Motivational Speech Synthesis

Text-to-motivational-speech with adjustable motivational factor to control motivational prosody

Artistic research deconstructing the performative excess of motivational western subcultures



Within the increasing popularity of fitness and entrepreneurship in western subcultures, video clips of so-called motivational speech received millions of views across social media. Usually, those audiovisual artifacts show excerpts from presentations or interviews of people—in most cases male business leaders, authors, and other influential figures—who narrate about the optimal instructions, principles, and strategies for success. Paired with epic and emotional background music, these videos should act as a vehicle for self-motivation and goal pursuit. Addressing a primary target group of men, success is often tied to wealthiness, professional growth, or appeal to women, while the same is obstructed by characteristics like weakness, fragility, or discontinuity. With motivational speech, a listener's ultimate goal is to obtain and shape a mindset, which ensures them to be on the right path for achievement. Motivational speech emerges as a phenomenon in a society of self-optimization, embedded in the ethos of constant productivity, self-isolation, competition, and meritocracy.

Motivational Speech Synthesis aims to reflect the inherent patterns and attitudes of motivational speech. Correlating with the generalization process of one universal way to success as well as the presence of an anticipated forward movement into a listener’s future in motivational speech itself, we use deep learning techniques to average web-scraped motivational speech into a text-to-motivational-speech model. With the introduction of a one-dimensional motivational factor, the model is capable of scaling its motivational prosody. Representing the promise of social mobility, this parameter aligns with phrases like “The harder you work, the more you can get.” In response, we question a universal road to success, only defined and obtained by individual strength and a right mindset, while critically examining the sociocultural foundations of motivational speech. Motivational Speech Synthesis addresses aspects of our work ethic and how we approach our goals and challenges in life.



Proposed architecture

The following diagram illustrates our EmoKnob for synthesizing motivational speech. Motivational intensity is controlled via averaged speaker embeddings, which are derived by selecting and averaging speech samples corresponding to different levels of motivational intensity within our dataset. These embeddings are generated in discrete increments along our one-dimensional motivational factor, ranging from 0 (low intensity) to 1 (high intensity). During inference, the closest embedding is selected according to the desired motivational factor, allowing precise emotional adjustment of generated speech.

Architecture

Motivational Factor

The visualization below presents a 3-dimensional representation of emotional speech samples drawn from motivational speeches, projected into Valence-Arousal-Dominance (VAD) emotion space. Here, the scales range from negative to positive emotions (valence), calm to stimulated emotions (arousal), and submissive to dominant emotions (dominance). Each point represents a segment of motivational speech collected from YouTube, embedded using the deep learning-based speech emotion recognition model wav2vec 2.0. To distill these complex emotional patterns into a single interpretable value, we apply the UMAP dimensionality reduction algorithm, resulting in our motivational factor—a continuous scale ranging from 0 (low motivational intensity) to 1 (high motivational intensity). Explore the interactive plot to observe how different datapoints align along this motivational intensity spectrum.


Audio Examples

Below are synthesized audio samples demonstrating how our motivational factor influences speech prosody. For each of seven motivational speech prompts, we generated audio at varying motivational intensity levels, ranging from 0.00 (low motivational intensity) to 1.00 (high motivational intensity). Listen to these examples to perceive how adjusting the motivational factor affects the expressiveness, tone, and emotional delivery of synthesized motivational speech.

Prompt
Motivational
Factor
0.00

0.25
0.50
0.75
1.00
Anything you want, you can get.
No goal is too far away to be reached.
Nobody is coming to save you.
Reject weakness, embrace discipline.
Seeing, believing, planning and doing it.
Work hard in silence, shock them with your success.
You are strong, resilient, consistent, focused.

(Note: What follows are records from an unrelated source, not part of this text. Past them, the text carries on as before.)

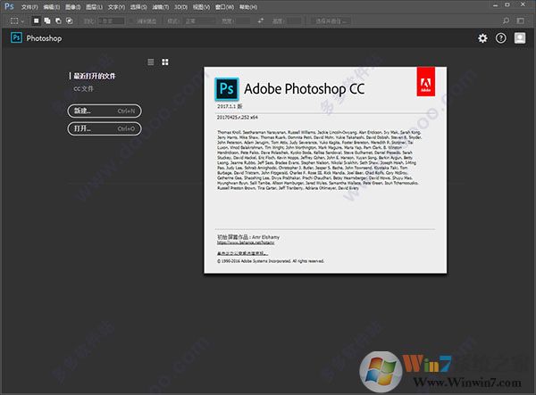 3、等待安裝完成,打開軟件,PhotoShop CC 2017已注冊,直接可以開始使用。
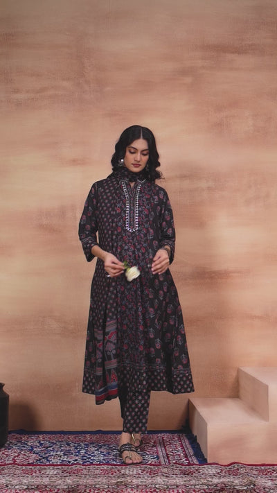 Comfy Black Cotton floral printed Aline Fit kurta set with dupatta Sale price₹ 2,759 Regular price₹ 8,499
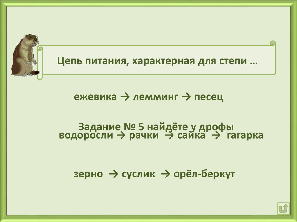 Цепь питания, характерная для степи …ежевика → лемминг → песец
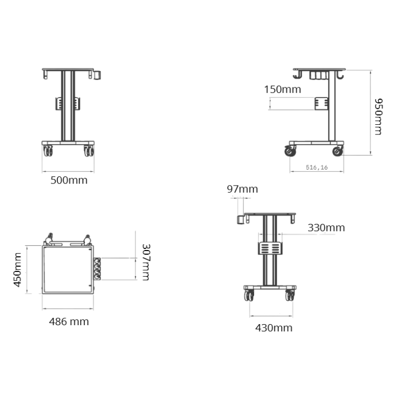 Ampio vassoio superiore (486 × 450 mm) per l'ecografo e gli accessori.
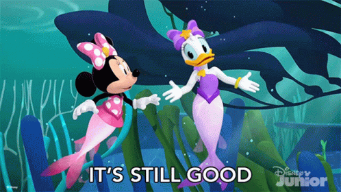 Minnie Mouse and Daisy Duck as mermaids underwater, with the caption 'It's Still Good'.
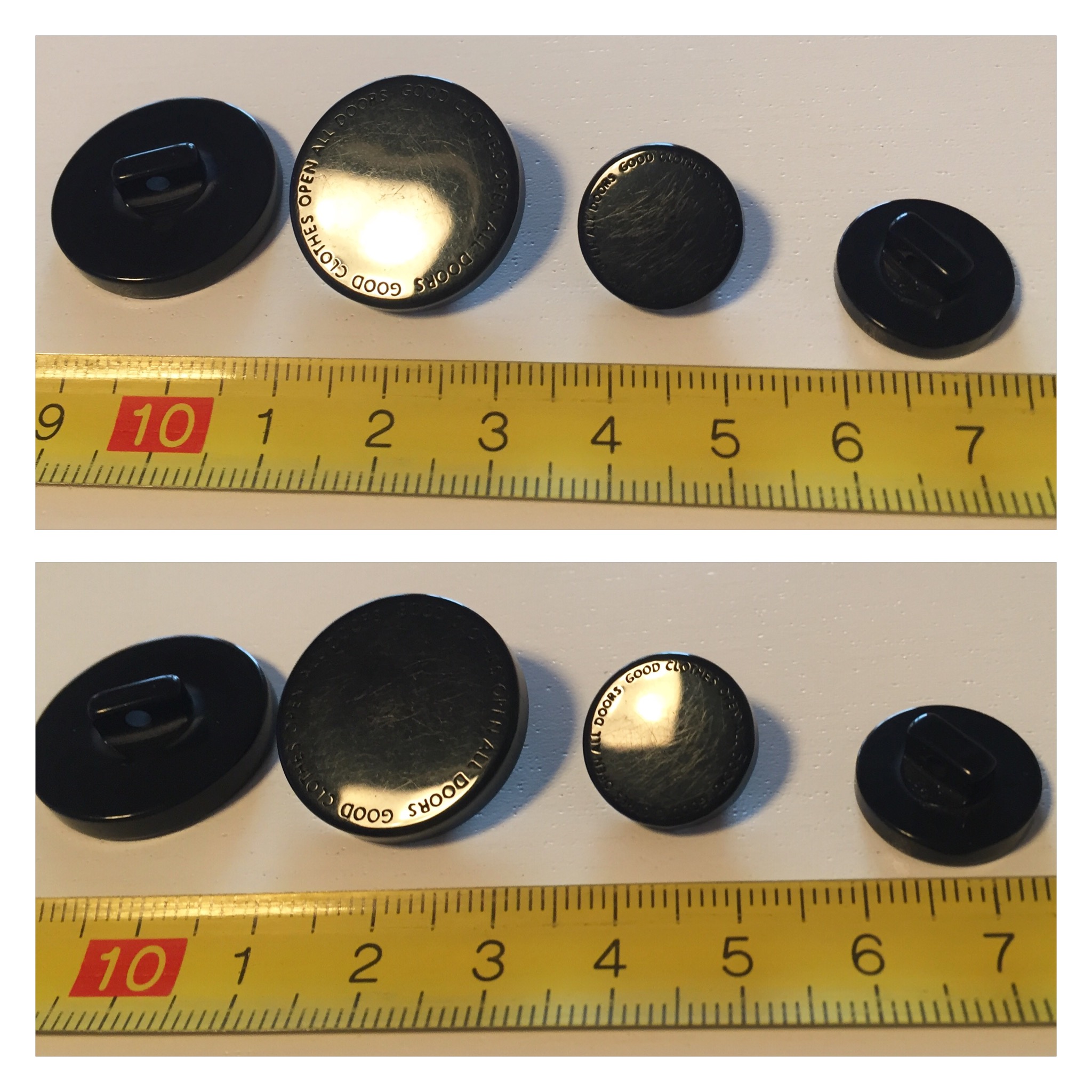 Надпись на пуговице: "Good clothers open all doors", перевод - "Хорошая одежда открывает все двери"
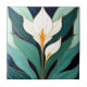 Ce carreau de céramique présente un lys calla stylisé dans un style Art déco classique, avec de gracieuses pétales blanches, des centres dorés chauds et des feuilles vertes et sarcelles en couches sur un fond bleu foncé. L'œuvre d'art est imprimée sur une surface de carreau lisse, gardant les couleurs nettes et les lignes propres. Cela fonctionne magnifiquement dans de nombreux contextes : affiché sur un dessus de table ou un chevalet, ajouté à un arrangement mural, incorporé dans des travaux de carrelage de cuisine ou de salle de bain, utilisé sur des contremarches d'escalier, ou inclus dans des espaces extérieurs couverts à l'abri de la lumière directe du soleil. Il peut également être utilisé dans des incrustations de meubles, encadré comme une œuvre d'art murale, ou regroupé avec d'autres carreaux pour créer un motif saisissant.
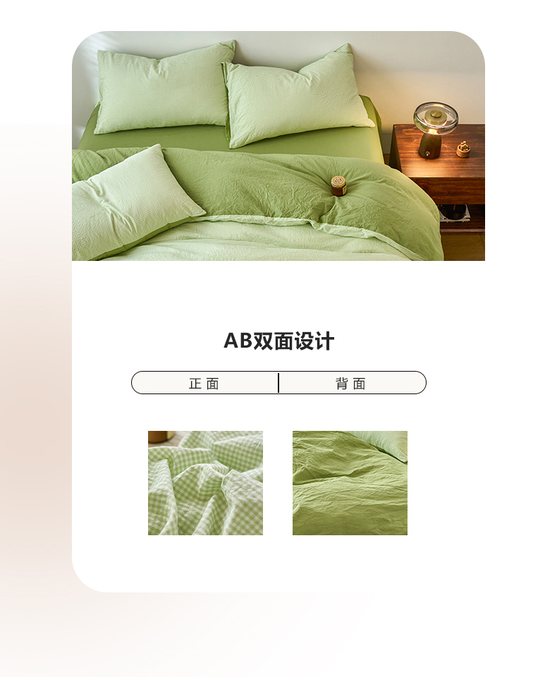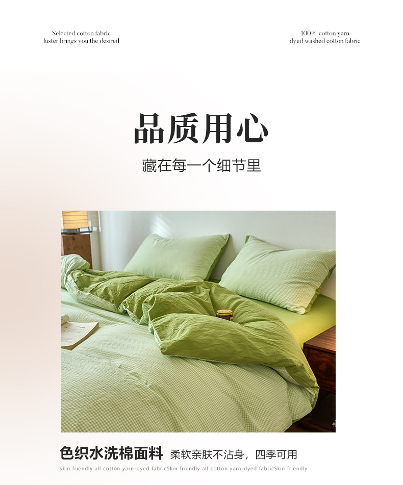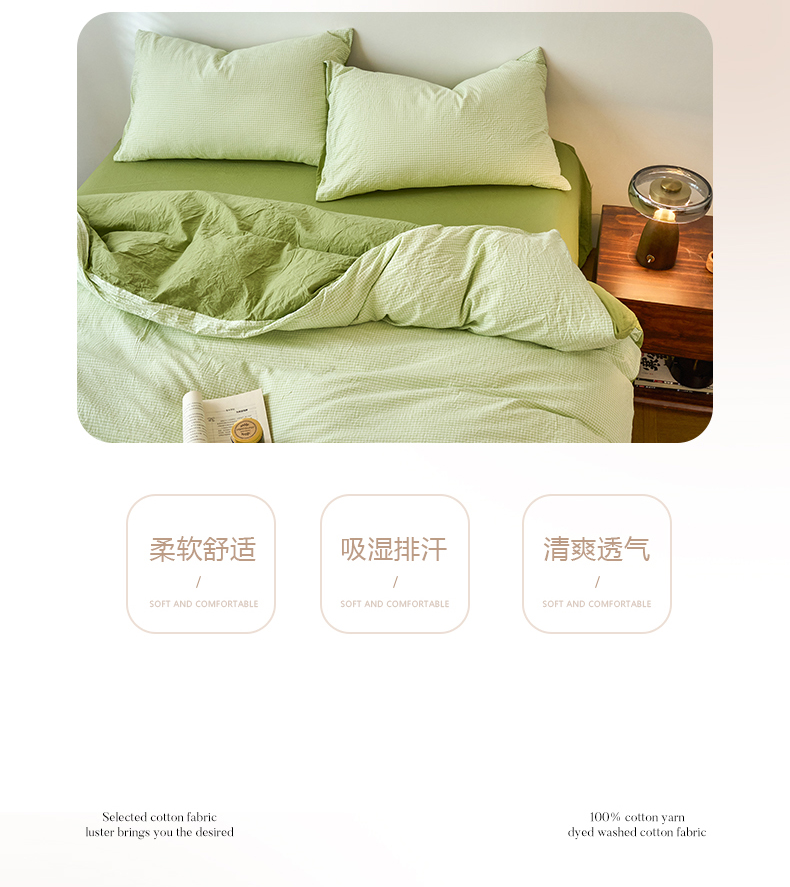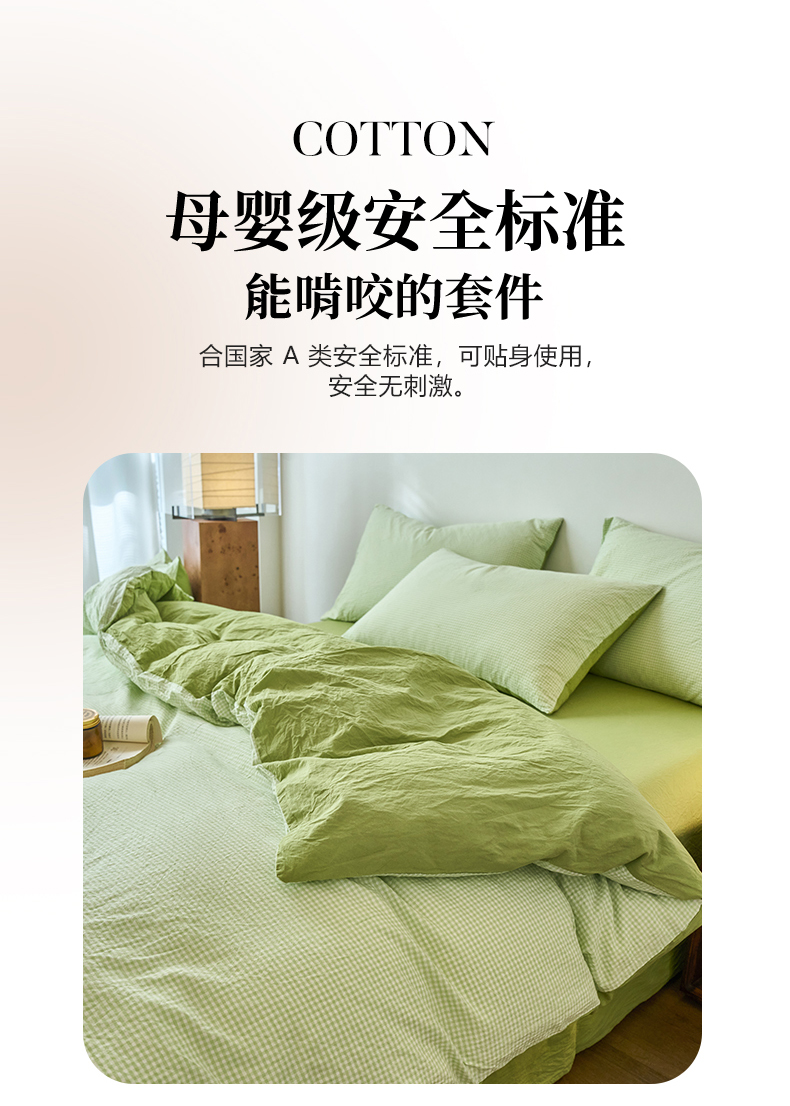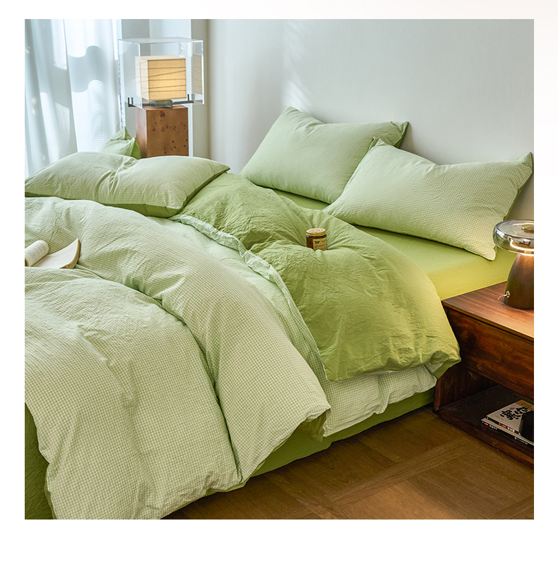 当前位置: 91家纺网 > 商品网购 > 床品套件 > 四件套 > 全棉普通四件套 > 春皖家纺 2026春夏新款全棉纯棉水洗棉四件套 嫩绿格

Even though Motivational Speech Synthesis strives for artistic reflection, we want to emphasize, that this project does not aim to judge any person actually benefiting from motivational speech or similar phenomena. We don't expose or look at people consuming motivational speech, but rather focus on deconstructing underlying circumstances and attitudes of those narratives, which arrive as symptoms of a society driven by growth and success.